Your Sister’s Sister
The simplest of films in plot and location, Lynne Shelton’s "Your Sister’s Sister" is an insightful and heartfelt look at broken people and how they mend themselves. Her follow-up to the hilariously perceptive "Humpday," Shelton focuses her talents on a directionless thirty-something man named Jack (Mark Duplass) whose brother has just died and the resulting emotional stress is causing him to shatter. Worried for him, his close friend and brother’s ex Iris (Emily Blunt) tells him to go to her family’s remote New England island cabin for a long weekend in order to straighten out his head. Reluctant at first, he heads off to the retreat only to find Iris’ sister Hannah (Rosemarie DeWitt) has already set up house, hoping to heal wounds of her own.
The two clash at first, but quickly warm up to each other. Over tequila shots on the first night at the cabin, the two bond over their mutual frustrations. While Jack is still mourning his brother and stunted in life as a result, Hannah has just broken up with her girlfriend and is in a tailspin as to how to move forward. As drinks get poured, the two find themselves having awkward and brief sex that leads to a myriad of complications as the weekend continues. Especially when Iris shows up for a visit.
Shelton allows the actors to improvise and creatively explore their key dialogue points lending the film that hyper-natural feeling that she does best. For long stretches, the audience feels like they are just eavesdropping on regular people having seemingly mundane, but nevertheless interesting, conversations. It’s like being at a gathering of strangers and listening to them talk about their views on their mutual life experiences. Duplass, DeWitt, and Blunt all excel - never allowing a false note to seep into their characters. There is a comfort between Hannah and Iris, and alternately Iris and Jack, that allows the roles to feel relatable. It also allows the conflict that rises to be an emotional stab in the chest.
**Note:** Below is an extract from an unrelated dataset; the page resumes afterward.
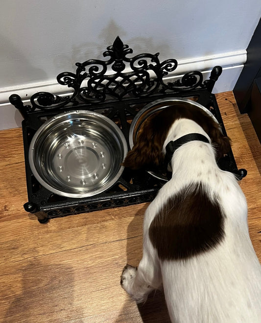 Vintage Style Black Dog Bowls with Cast Iron Stand
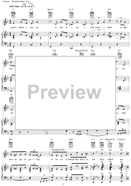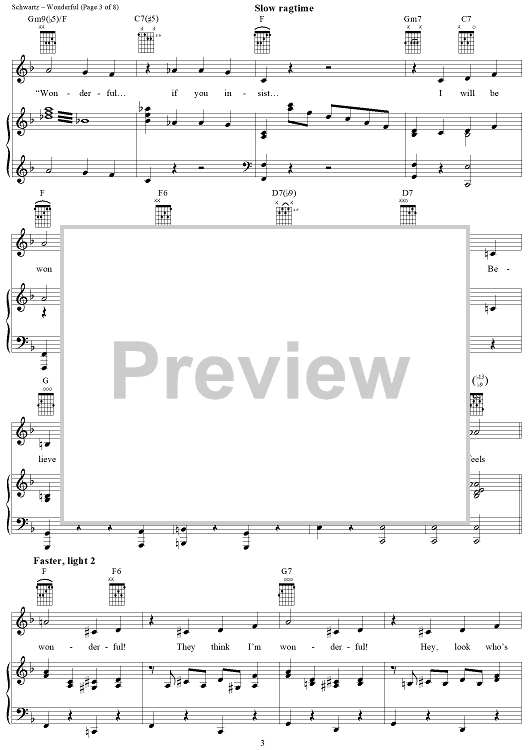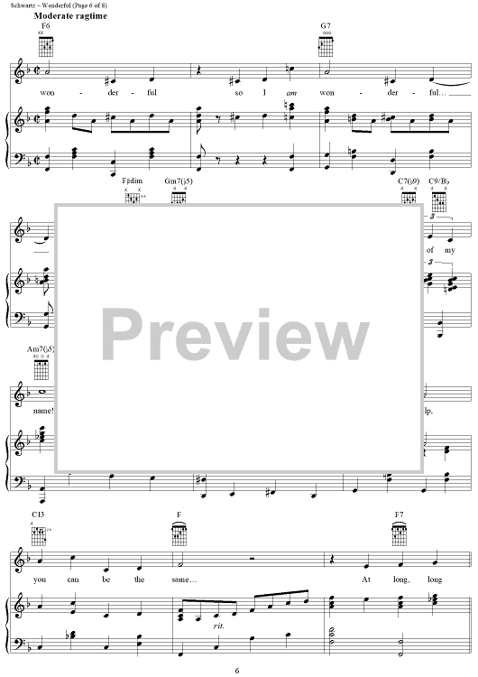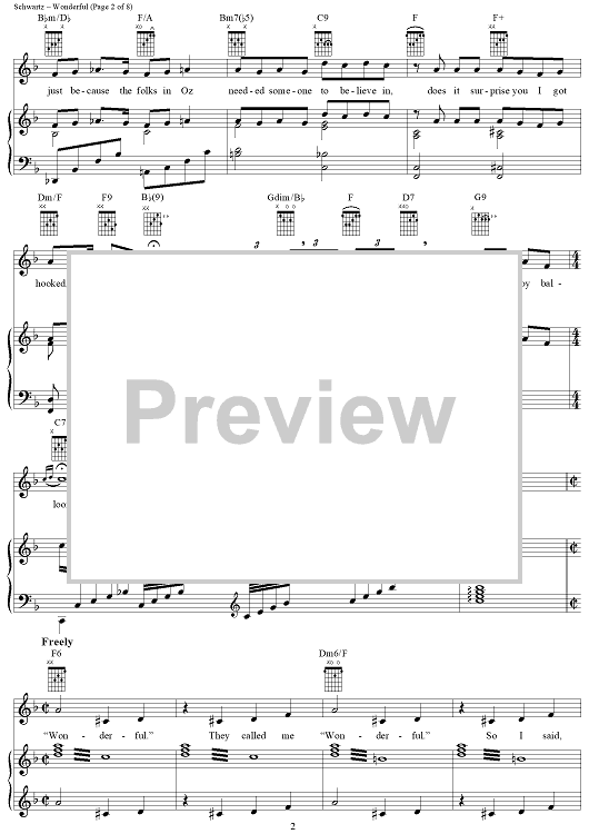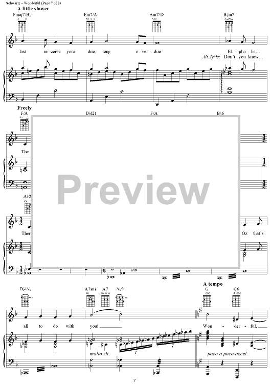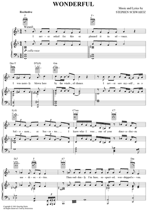 Digital Sheet Music for Wonderful by Stephen Schwartz scored for Piano/Vocal/Chords; id:367212

Shot in a more stoic way then her earlier effort, this feels like a mature studio film with indie cred - which is a good thing. Rather than the shifty movement of constantly using a hand-held camera, she lets the actors move and breathe into their characters and the camera is there simply to observe.
Refreshingly candid and without easy solutions, "Your Sister’s Sister" is a lovely little film; while it doesn’t exactly break new ground, it features a cast and crew who are at the height of their craft.